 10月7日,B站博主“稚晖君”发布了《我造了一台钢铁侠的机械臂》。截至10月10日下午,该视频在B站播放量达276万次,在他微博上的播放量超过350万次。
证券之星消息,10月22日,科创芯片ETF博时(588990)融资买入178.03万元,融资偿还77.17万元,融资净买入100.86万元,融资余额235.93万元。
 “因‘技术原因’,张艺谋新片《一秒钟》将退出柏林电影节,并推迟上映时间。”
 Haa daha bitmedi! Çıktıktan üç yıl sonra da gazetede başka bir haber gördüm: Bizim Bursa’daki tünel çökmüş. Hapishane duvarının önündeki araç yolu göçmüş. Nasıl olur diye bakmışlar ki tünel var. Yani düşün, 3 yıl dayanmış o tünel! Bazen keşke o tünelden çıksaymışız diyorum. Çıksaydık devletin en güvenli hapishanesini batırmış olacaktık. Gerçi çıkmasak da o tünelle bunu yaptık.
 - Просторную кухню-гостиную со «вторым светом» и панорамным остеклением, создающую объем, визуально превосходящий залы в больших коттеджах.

---

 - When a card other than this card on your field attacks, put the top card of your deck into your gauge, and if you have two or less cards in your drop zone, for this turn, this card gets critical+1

(Exercise)
Repeat the entries above verbatim, but only from the line that has "证券之星消息,10月22日,科创芯片ET" down to the line that has "- Просторную кухню-гостиную", inclusive.

(Exercise response)
证券之星消息,10月22日,科创芯片ETF博时(588990)融资买入178.03万元,融资偿还77.17万元,融资净买入100.86万元,融资余额235.93万元。
 “因‘技术原因’,张艺谋新片《一秒钟》将退出柏林电影节,并推迟上映时间。”
 Haa daha bitmedi! Çıktıktan üç yıl sonra da gazetede başka bir haber gördüm: Bizim Bursa’daki tünel çökmüş. Hapishane duvarının önündeki araç yolu göçmüş. Nasıl olur diye bakmışlar ki tünel var. Yani düşün, 3 yıl dayanmış o tünel! Bazen keşke o tünelden çıksaymışız diyorum. Çıksaydık devletin en güvenli hapishanesini batırmış olacaktık. Gerçi çıkmasak da o tünelle bunu yaptık.
 - Просторную кухню-гостиную со «вторым светом» и панорамным остеклением, создающую объем, визуально превосходящий залы в больших коттеджах.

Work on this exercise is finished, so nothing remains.